AIDS and COVID-19 are two diseases separated by a common lymphocytopenia

The study “AIDS and COVID-19 are two diseases separated by a common lymphocytopenia” examines the immunological responses elicited by HIV and SARS-CoV-2 infections.

Here’s a detailed summary:

Background: The study focuses on comparing the immunological responses in AIDS and COVID-19, particularly analyzing lymphocyte subpopulations using flow cytometry analysis (FCA). Both diseases, caused by HIV and SARS-CoV-2 respectively, are known for significant lymphocyte count alterations, despite differences in infection mechanisms, clinical presentations, and treatments​​.

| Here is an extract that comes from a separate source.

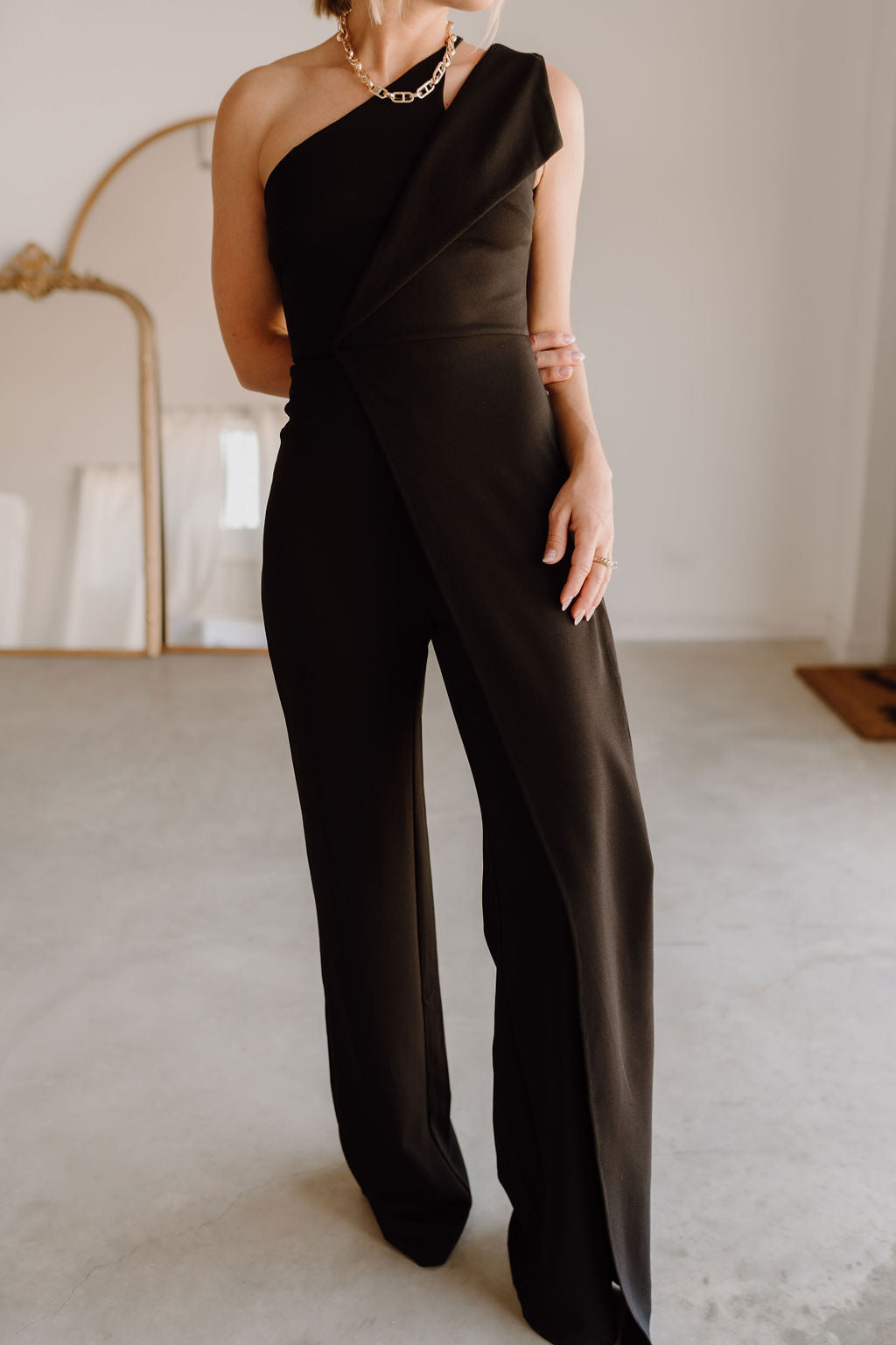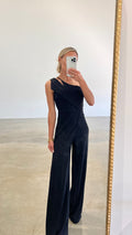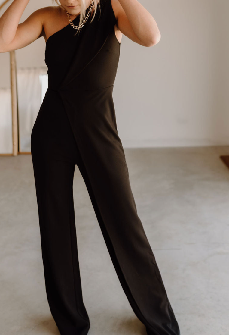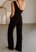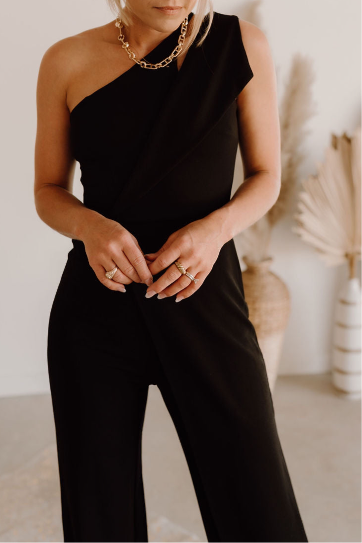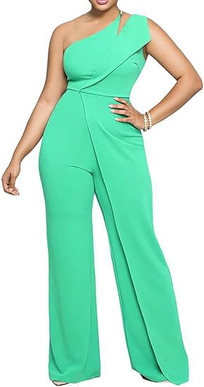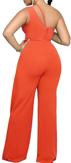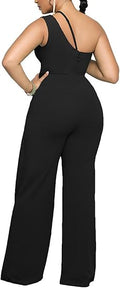 Feature: Zipper Back Design, Cutout, Sexy One Shoulder Neck, Sleeveless, High Waist, Straight Long Pants, Elegant Jumpsuits, Solid Color, Club Party Rompers, Casual Overall Outfits.

Methodology: The study retrospectively examined 184 HIV-infected patients and compared their FCA results with those of 110 SARS-CoV-2 infected patients. The patients were referred to a University Hospital in Rome, Italy, and both groups of patients were examined at the presentation of their disease​​.

Key Findings:

  • Both HIV and SARS-CoV-2 were observed to cause significant changes in lymphocyte counts, with both similarities and differences noted between the two diseases.
  • A comparable reduction in B cells was observed in both AIDS and COVID-19 patients.
  • A more severe reduction in the total amount of T cells was noted in COVID-19 compared to AIDS patients.
  • CD4+ T cells showed a similar level of reduction in both diseases.
  • A notable difference was observed in the CD8+ T cell counts: AIDS patients had slightly higher than normal CD8+ cells, whereas COVID-19 patients exhibited a markedly reduced count.
  • Consequently, the CD4+/CD8+ ratio was very low in AIDS and higher than normal in COVID-19 patients.
  • NK cells were reduced in both diseases, but the reduction was more severe in COVID-19 patients compared to HIV infection​​.

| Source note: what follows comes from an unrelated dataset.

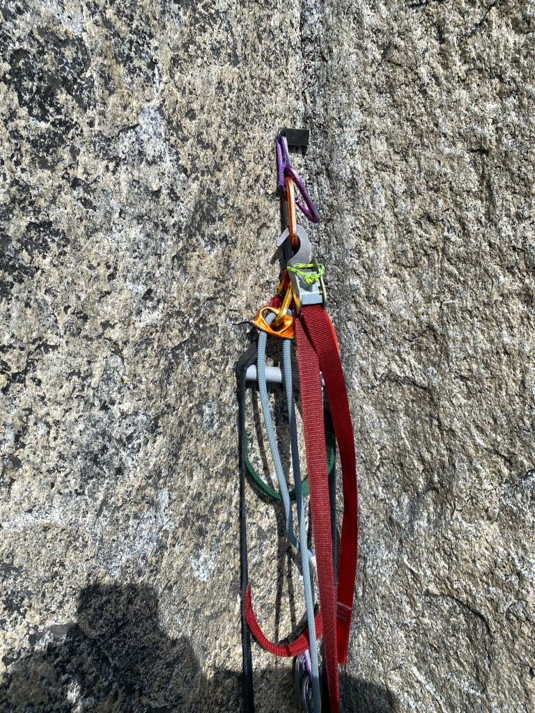 My system used was a GriGri+ with an Edelrid Swift Pro (8.9) rope and a dynamic 10.0 Beal Tiger for the Haul line, with the ability to switch to that rope and a GriGri 1 if needed. Zabrok thinks the 8.9 is too thin, but I thought the system worked great. I didn’t fall though on the route so who knows! Maybe I was dangerously close to disaster the whole time. For a rack, I brought 4 lost arrows (nailed 3 on the route), 7 beaks (nailed 3 on the route), 3 sets of offset cams, 2 sets of offset nuts, a set of ball nuts, a set of RP’s and a set of peenuts, 3x all cams .1-#4, 2 #5’s, 1 #6 (not needed after first 10 pitches, and probably not needed on first 10 pitches, but very nice to have). I also brought 1 cam smaller than a .1. I brought 2 hooks but only used 1, made 3 hook moves the whole route, probably only 1 of which was mandatory. I also brought a set of heads which were completely unnecessary.

  • HIV and SARS-CoV-2, both RNA viruses capable of zoonotic transmission, have had a profound impact on global health.
  • The study highlighted the use of FCA as a critical tool in understanding the immunophenotypic profile of patients, providing essential insights into the T cell CD4+ subset reduction, which is a hallmark in the progression of HIV infection.
  • The study also discussed the mechanisms of CD4+ T cell depletion in HIV infection, which include accelerated destruction, hyperimmune activation, cytokine storm, and altered lymphocyte trafficking.
  • It was noted that the depletion of CD4+ T cells in HIV could be due to increased homing rates of these lymphocytes, a concept yet to be fully elucidated​​.


  • The study concludes that HIV/AIDS and SARS-CoV-2/COVID-19 share similarities and significant differences in their impact on the immune system.
  • Both viruses cause a comparable reduction in CD4+ T cells, but differ in their effects on CD8+ T cell subpopulations and NK cells.
  • The findings underscore the distinct ways in which the immune system reacts to these two infections and highlight the importance of understanding these differences and similarities for developing specific preventive and therapeutic approaches​​.

This study provides a comprehensive analysis of the immunological impacts of HIV and SARS-CoV-2, offering crucial insights into their distinct and overlapping effects on the human immune system.